Fourth, be alert to phishing attempts. Attackers who hold this type of data — with names, addresses, phone numbers, and partial financial details — are well-positioned to craft highly targeted phishing emails and phone calls that appear legitimate. Do not click links in unsolicited emails claiming to be from your bank, and do not provide additional information to callers who claim to be verifying your identity in connection with this breach.

warning

Criminals often wait months or years after a breach to exploit stolen data, timing their attacks to coincide with reduced consumer vigilance. A credit freeze placed now remains effective indefinitely and can be lifted temporarily when you need to apply for credit. There is no downside to taking this step immediately.

Key Takeaways

  1. Vendor cloud backups are attack surface: Firewall configuration files stored in vendor-managed cloud environments — containing credentials, VPN settings, and MFA recovery codes — represent a concentrated, high-value target. Organizations should audit what their security vendors store on their behalf, where, and with what encryption controls.
  2. MFA can be bypassed through recovery paths: The Marquis breach demonstrates that enabling MFA is insufficient if the recovery mechanisms are stored without encryption by a third party. Scratch codes and emergency access tokens must receive the same security treatment as primary credentials.
  3. Breach disclosure timelines matter: SonicWall's initial characterization of the breach as affecting fewer than five percent of customers — later revised to all customers — delayed the response of affected organizations. Accurate and timely vendor disclosure is not just a compliance requirement; it is a prerequisite for downstream incident response.
  4. Supply chain exposure multiplies consumer harm: A breach at one vendor serving 700 financial institutions is not equivalent to 700 separate breaches — it is worse. The aggregation of data across many institutions in a single vendor environment creates a concentration of risk that no individual bank would carry alone.
  5. Legal accountability is being tested: The Marquis v. SonicWall lawsuit (Case No. 4:26-cv-00195, Eastern District of Texas) represents a growing trend of organizations seeking to shift breach costs upstream to vendors whose security failures enabled the attack. The outcome of this litigation, and the 36+ consumer class actions Marquis is defending, will shape how vendor contracts and SLAs are written in the financial sector going forward.

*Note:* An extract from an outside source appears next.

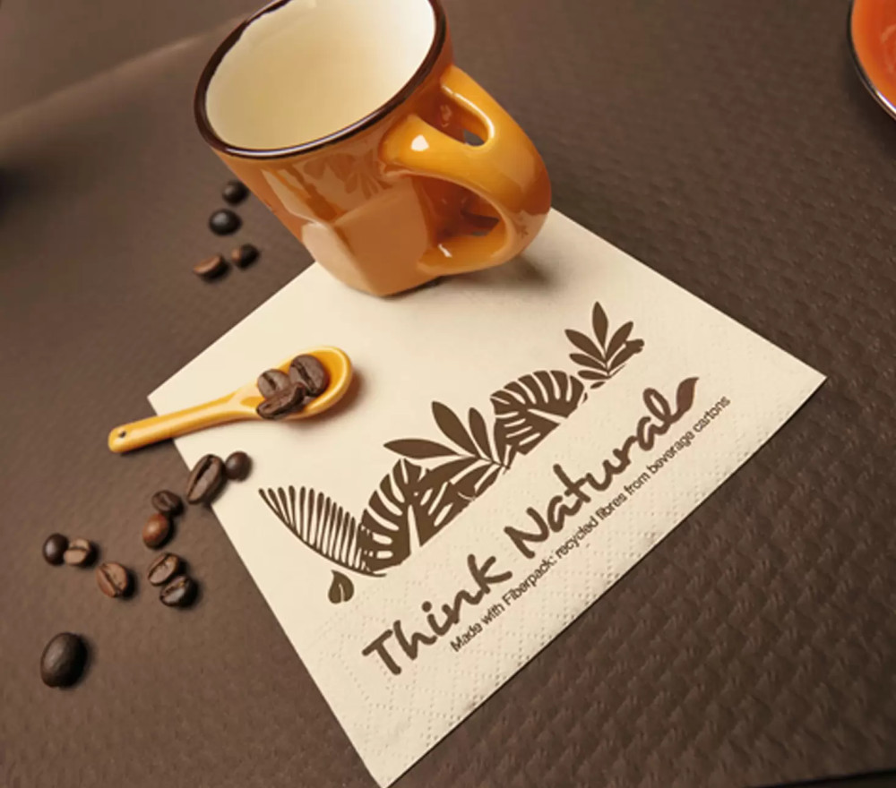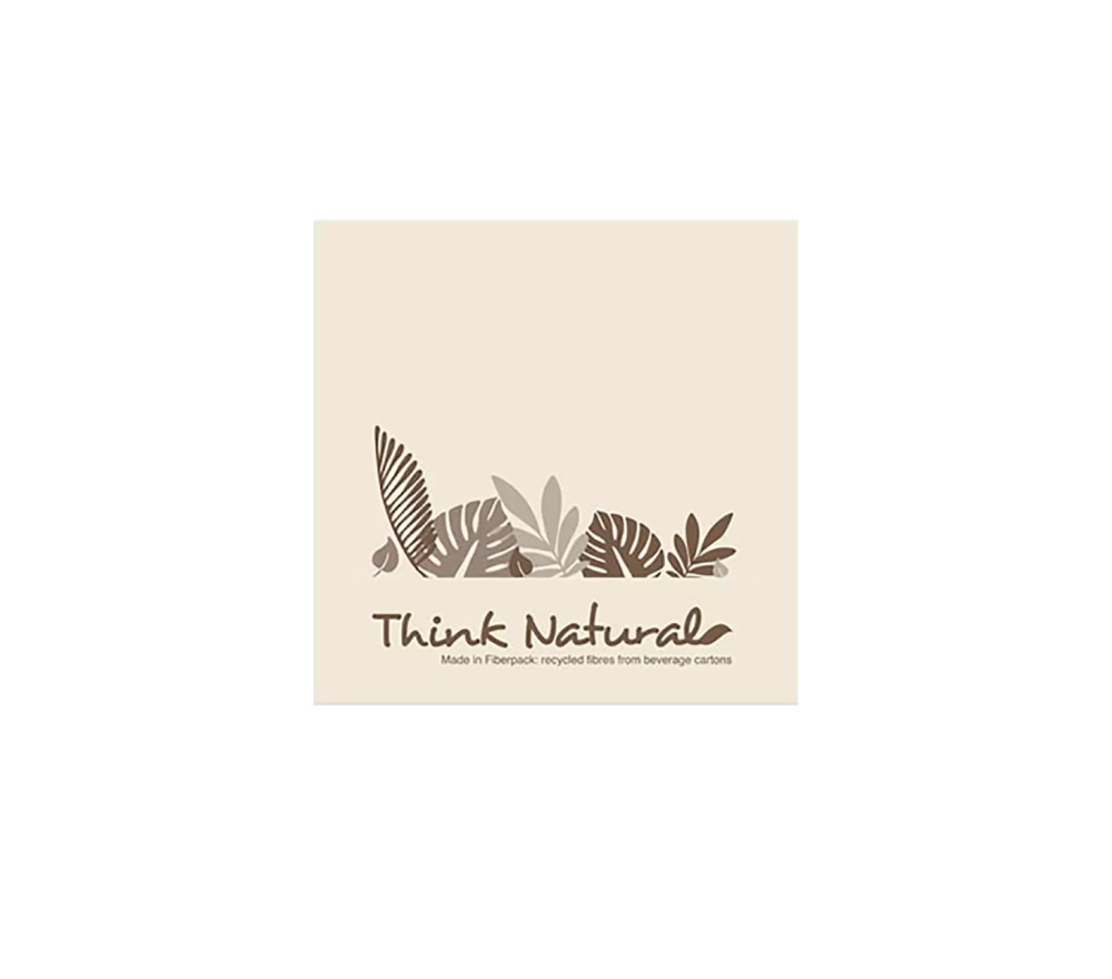 Kétrétegű, natúr, tissue minőségű szalvéta, italoskarton dobozok újrafelhasznált alapanyagából készül.

The Marquis breach is not the first supply chain attack to expose banking customers at scale, and it will not be the last. What distinguishes it is the clarity of the failure chain: a code change at a security vendor, unencrypted recovery credentials stored in a cloud backup, a breach that went undetected for months, and a downstream ransomware attack that touched more than 670,000 people who had no visibility into any of it. For cybersecurity professionals, regulators, and anyone responsible for vendor risk management in financial services, that chain of events is worth understanding in full — because the same architecture that made this possible is in place at organizations across the country right now.